Data Scientist Resume

Fermont, CA

PROFESSIONAL SUMMARY:

  • Over 8 years of strong experience in Data Science, Machine Learning, Data mining with large data sets of Structured and Unstructured data, Data Acquisition, Data Validation, Predictive modeling, Statastical modeling, Data modeling, Data Visualization, Web Crawling, Web Scraping. Adept in statistical programming languages like R and Python, SAS, Apache Spark, Matlab including Big Data technologies like Hadoop, Hive, Pig.
  • Excellent knowledge of Machine Learning, Mathematical Modeling and Operations Research. Comfortable with R, Python, SAS and Weka, MATLAB, Relational databases. Deep understanding & exposure of Big Data Eco - system.
  • Experienced on data architecture including data ingestion pipeline design, Hadoop information architecture, data modeling and data mining, machine learning and advanced data processing.
  • Deep analytics and understanding of Big Data and algorithms using Hadoop, MapReduce, NoSQL and distributed computing tools.
  • Expertise in synthesizing Machine learning, Predictive Analytics and Big data technologies into integrated solutions.
  • Experienced in Dimensional Data Modeling experience using Data modeling, Relational Data modeling, ER/ Studio, Erwin, and Sybase Power Designer, Star Join Schema/Snowflake modeling, FACT & Dimensions tables, Conceptual, Physical & logical data modeling.
  • Hands on experience in implementing LDA, Naive Bayes and skilled in Random Forests, Decision Trees, Linear and Logistic Regression, SVM, Clustering, neural networks, Principle Component Analysis.
  • Expertise in managing entire data science project life cycle and actively involved in all the phases of project life cycle including data acquisition, data cleaning, data engineering, features scaling, features engineering, statistical modeling (decision trees, regression models, neural networks, SVM, clustering), dimensionality reduction using Principal Component Analysis and Factor Analysis, testing and validation using ROC plot, K- fold cross validation and data visualization.
  • Experienced in writing Pig Latin scripts, MapReduce jobs and HiveQL.
  • Extensively used SQL, Numpy, Pandas, Scikit-learn, Spark, Hive for Data Analysis and Model building.
  • Extensively worked on ERWIN tool with all features like REVERSE Engineering, FORWARD Engineering, SUBJECTAREA, DOMAIN, Naming Standards Document etc.
  • Experience in using various packages in Rand python like ggplot2, caret, dplyr, Rweka, gmodels, RCurl, tm, C50, twitteR, NLP, Reshape2, rjson, plyr, pandas, numpy, seaborn, scipy, matplotlib, scikit-learn, Beautiful Soup, Rpy2.
  • Excellent and experience and knowledge of Machine Learning, Mathematical Modeling and Operations Research.

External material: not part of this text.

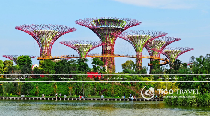 - Trải nghiệm OCBC Skyway – Đường đi bộ trên không, dài 128m nối giữa 2 siêu cây. Từ đây, Quý khách có thể ngắm nhìn toàn bộ khu vườn cũng như khung cảnh thành phố vịnh Marina Bay từ trên cao. (chi phí tự túc)

Comfortable with R, Python, SAS and Weka, MATLAB, Relational databases. Deep understanding & exposure of Big Data Eco-system.
  • Experienced in importing and exporting the data using Sqoop from HDFS to RelationalDatabase systems/ mainframe and vice-versa.
  • Extensively worked on Sqoop, Hadoop, Hive, Spark, Cassandra to build ETL and Data Processing systems having various data sources, data targets and data formats
  • Strong experience and knowledge in Data Visualization with Tableau creating: Line and scatter plots, Bar Charts, Histograms, Pie chart, Dot charts, Box plots, Time series, Error Bars, Multiple Charts types, Multiple Axes, subplots etc.
  • Experienced with Integration Services (SSIS), Reporting Service (SSRS) and Analysis Services (SSAS)
  • Expertise in Normalization to 3NF/De-normalization techniques for optimum performance in relational and dimensional database environments.
  • Extensive experienced on ERModeling, Dimensional Modeling (StarSchema, SnowflakeSchema) and Data warehousing and OLAP tools.
  • Expertise in data base programming (SQL, PLSQL) XML, DB2, Informix, Teradata, Data base tuning and Query optimization.
  • Experience in designing, developing, scheduling reports/dashboards using Tableau and Cognos.
  • Expertise in performing data analysis and data profiling using complex SQL on various sources systems including Oracle and Teradata.

TECHNICAL SKILLS:

Database Design Tools and Data Modeling: Fact & Dimensions tables, physical & logical data modeling, Normalization and De-normalization techniques, Kimball.

Databases: SQL Server 20017, MS-Access, Oracle 11g, Sybase and DB2.

Languages: PL/SQL, SQL, T-SQL, C, C++, XML, HTML, DHTML, HTTP, Matlab, Python.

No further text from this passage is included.